For the average American, Topol said, health span is about 63 to 65 years. Lifespan, on the other hand, is about 80 years. That means most Americans will spend the last 15 or so years of their lives in relatively poor health, with one World Health Organization stat saying that most elderly people will only experience one “healthy birthday” after the age of 65.
“Health span should be extended as close as we can to lifespan, and I think we can do it,” Topol told Upson. “This is a unique moment in medicine. Part of it is because we have multimodal AI, but part of it is because we have new layers of data. We never had organ clocks, which track the pace of aging for every organ of your body, including your immune system. We never had biomarkers like p-tau217, which tells us about our risk of Alzheimer's 10, 15, even 20 years in advance. The biggest jump in recent biomedicine is the ability to quantify metrics of aging.”
Topol believes humans are only starting to see the true potential of GLP-1s, adding that it’s still the “early innings for this family of drugs.” GLP-1s create signals from a body’s gut to its brain, but they also talk to a body’s immune system, which Topol says can provide the “perfect intervention for bringing down inflammation,” creating benefits for the heart, kidneys, and liver, but also limiting someone’s addiction to everything from cigarettes to nail-biting. Topol said there’s a study scheduled for early next year that will examine whether GLP-1s could have an impact on preventing Alzheimer’s in people with preexisting dispositions for the disease but who can begin to take the drug before they turn 50.

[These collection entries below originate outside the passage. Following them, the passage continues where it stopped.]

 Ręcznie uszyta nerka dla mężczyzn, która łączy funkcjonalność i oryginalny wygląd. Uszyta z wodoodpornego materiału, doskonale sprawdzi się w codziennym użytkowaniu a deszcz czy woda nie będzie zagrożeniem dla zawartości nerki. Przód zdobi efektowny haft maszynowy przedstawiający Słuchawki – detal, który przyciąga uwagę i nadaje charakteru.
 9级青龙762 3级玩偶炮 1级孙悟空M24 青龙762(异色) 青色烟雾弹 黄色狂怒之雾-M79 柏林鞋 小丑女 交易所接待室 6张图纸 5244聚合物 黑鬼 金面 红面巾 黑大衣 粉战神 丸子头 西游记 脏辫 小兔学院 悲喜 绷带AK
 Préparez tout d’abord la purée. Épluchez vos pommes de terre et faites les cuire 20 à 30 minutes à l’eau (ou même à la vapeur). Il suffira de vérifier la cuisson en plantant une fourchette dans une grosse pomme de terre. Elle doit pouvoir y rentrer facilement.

Further innovations in the world of medicine could also come through the use of AI, which Topol said he’s “pretty bullish” about. Large language models can review medical records en masse, noticing problems in single individuals or groups of people that even the most discerning physicians might not. AI can analyze billions of points of individual data in a person’s medical chart and, using just an image of someone’s retina, find risks for arterial issues, Parkinson’s, or Alzheimer’s years before anyone else could. Topol said AI can even be used to pick up lab trends that indicate pancreatic cancer years before a diagnosis could be made and at a relatively low cost, something that could be revolutionary for the healthcare industry.

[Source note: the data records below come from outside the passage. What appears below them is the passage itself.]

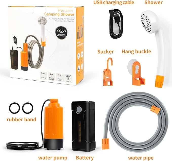 portable outdoor shower, battery driven shower pump, LED lighting, portable shower pump, draws water from a bucket into a stable and gentle shower flow,used for beaches,camping,gardens,hiking,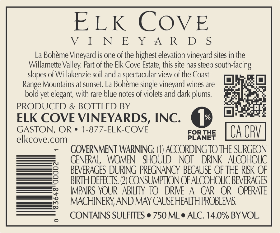 - 2024 La Bohème Pinot Noir – Back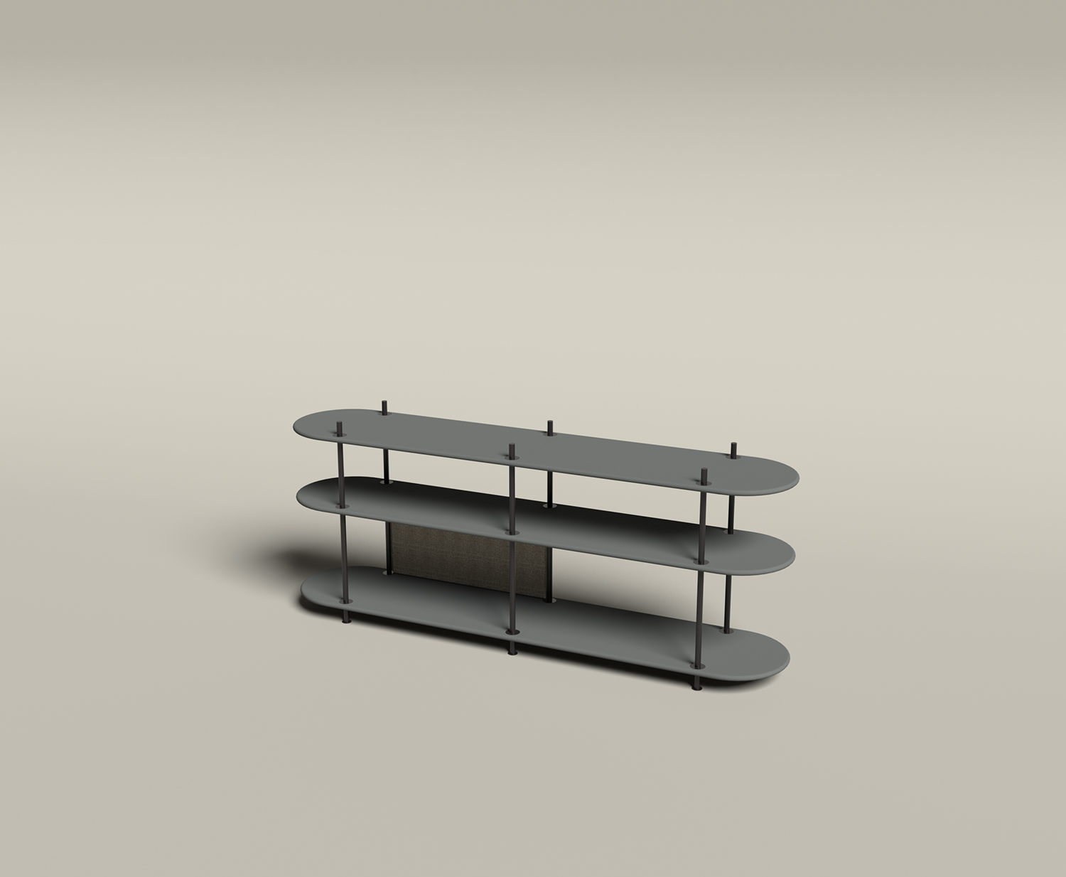 Shelves available in four colours: Black (similar to RAL 8022), Creme white (similar to RAL 9001), Greengrey (lsimilar to RAL 7002) and Bluegrey (similar to 7043).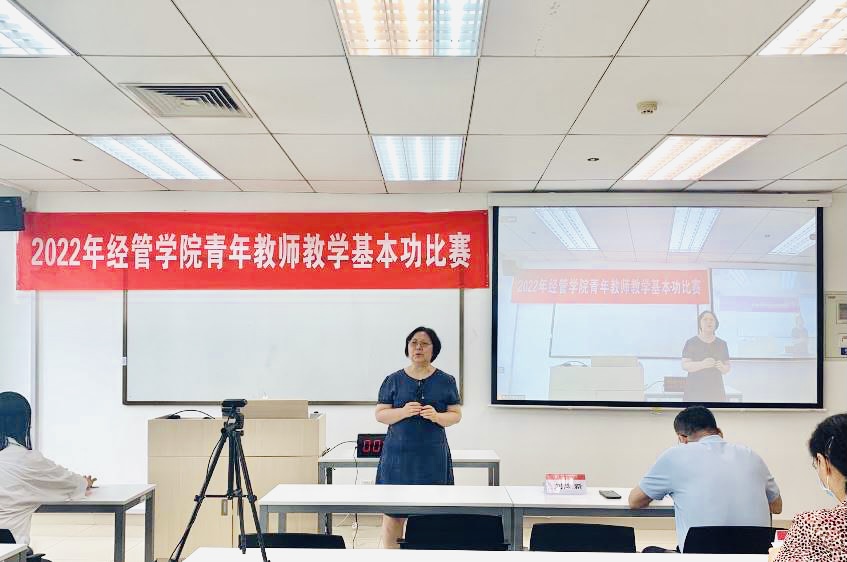 6月21日下午,beat365官网在新主楼A706举办了“2022年经管学院青年教师教学基本功比赛”,同时通过腾讯会议面向全院全程现场直播。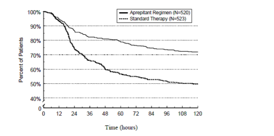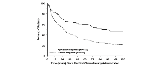 The estimated time to first vomiting after initiation of chemotherapy treatment was longer with the aprepitant regimen (estimated median time to first vomiting was 94.5 hours) compared with the control regimen group (estimated median time to first vomiting was 26.0 hours) as depicted in the Kaplan-Meier curves in Figure 2.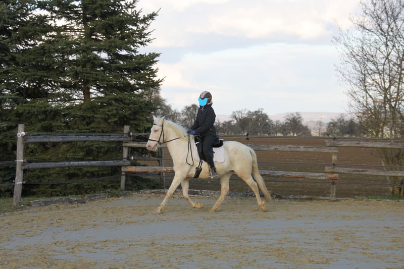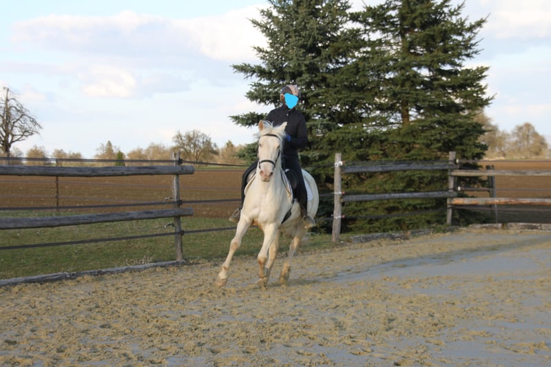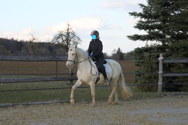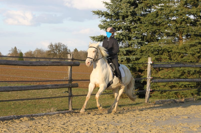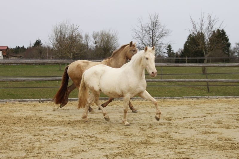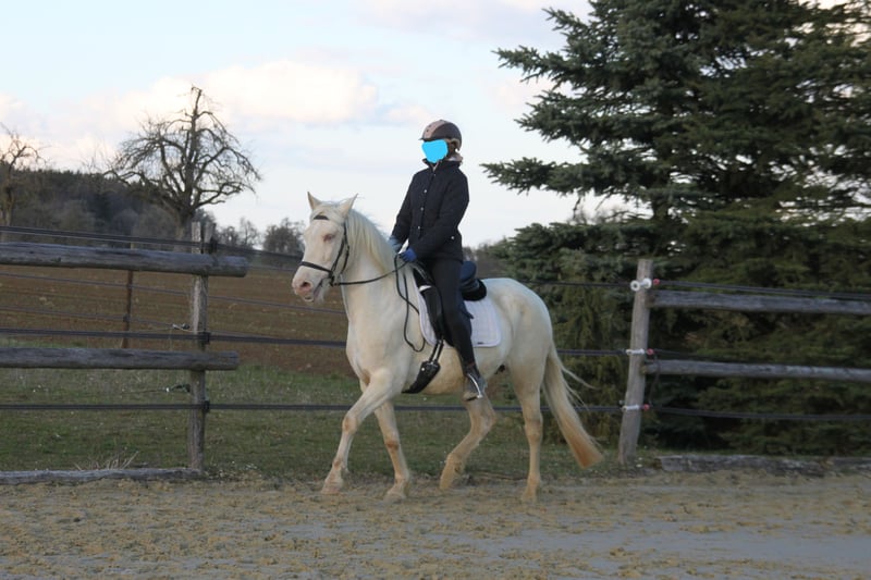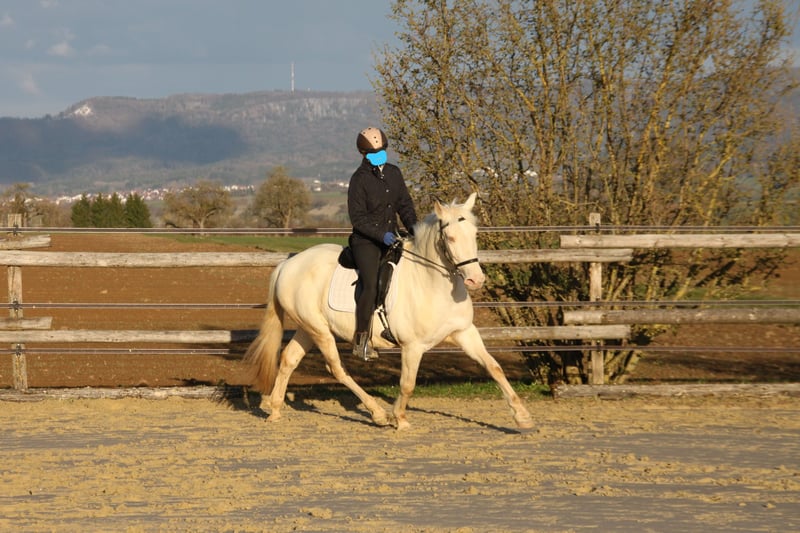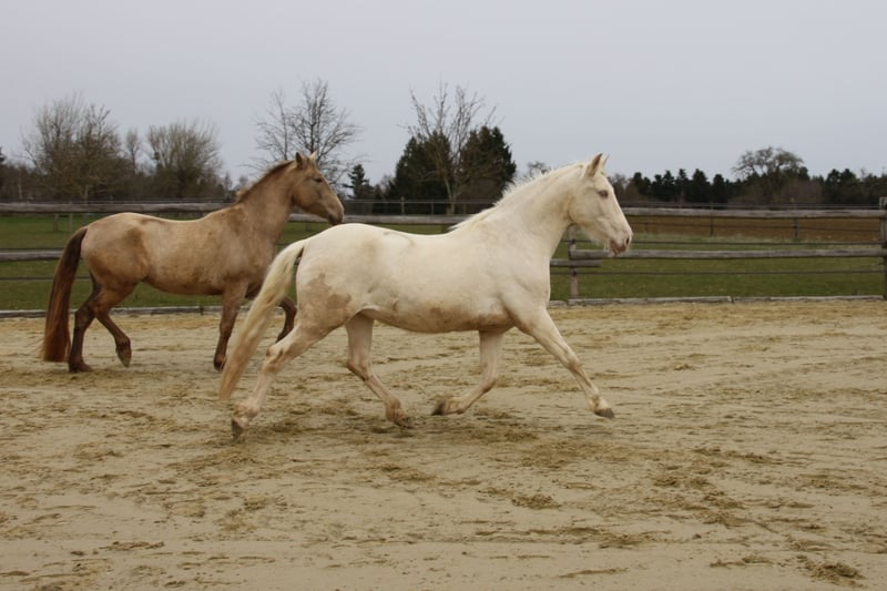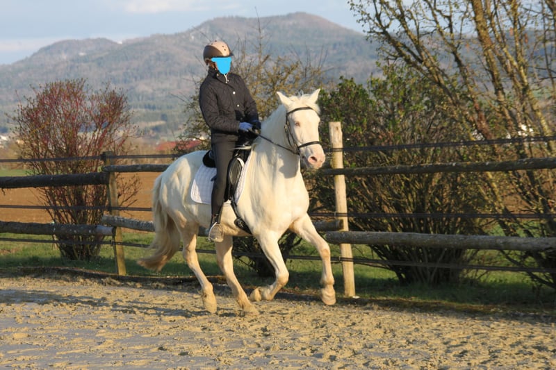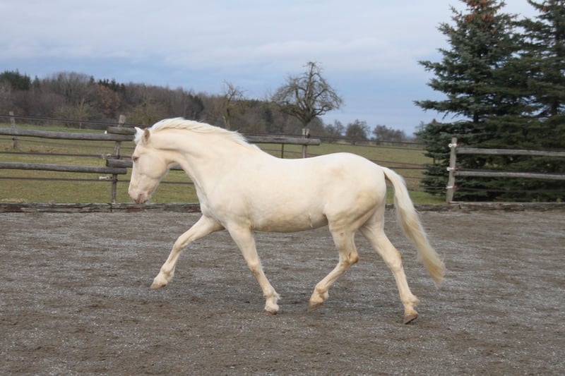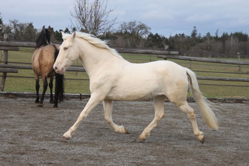 With a heavy heart, we are seeking a new, loving home for this special mare. Her light green eyes and compact build make her not only a striking sight but also a truly gentle and sweet-natured horse. Breeding & Special Features: She is an experienced broodmare (with three foals) and a genetic rarity: she carries the rare Pearl gene from unknown bloodlines, making her highly interesting for color breeding. Additionally, she is a chestnut and carries both red genes. Her color code is: ggeeaaCrPrl. Besides her registration in the Spanish studbook, she is also registered with Zfdp and measures 1.48 m. Character & Temperament: In handling, she is an absolute sweetheart—always well-behaved, refined, and very human-oriented. Under saddle and during work, she shows herself to be eager to learn and move, extremely willing to work. She wants to please but remains well-mannered and manageable at all times. Over the years, she has been gently backed during her foal breaks, calmly performs her lessons in the riding arena, is familiar with vertical lunging, and has been on a few trail rides in company. Stabling & Care: She is accustomed to herd life in an open stable with paddock as well as box stall management. Unfortunately, we have too little time to meet her work enthusiasm, and we wish for her to find a place where she can be further developed and enjoy plenty of movement with a family environment. If you are looking for a refined partner for leisure riding who always gives her best, we look forward to hearing from you!

And while much has been made about influencers and tech personalities biohacking their own aging process, Topol said it’s really not that hard. “Lifestyle is what’s important,” he concluded during the interview. “It’s the biggest driver we have, and it’s the most inexpensive way to extend your health span. And if there’s anyone here who’s not interested in extending their health span, please, let me know.”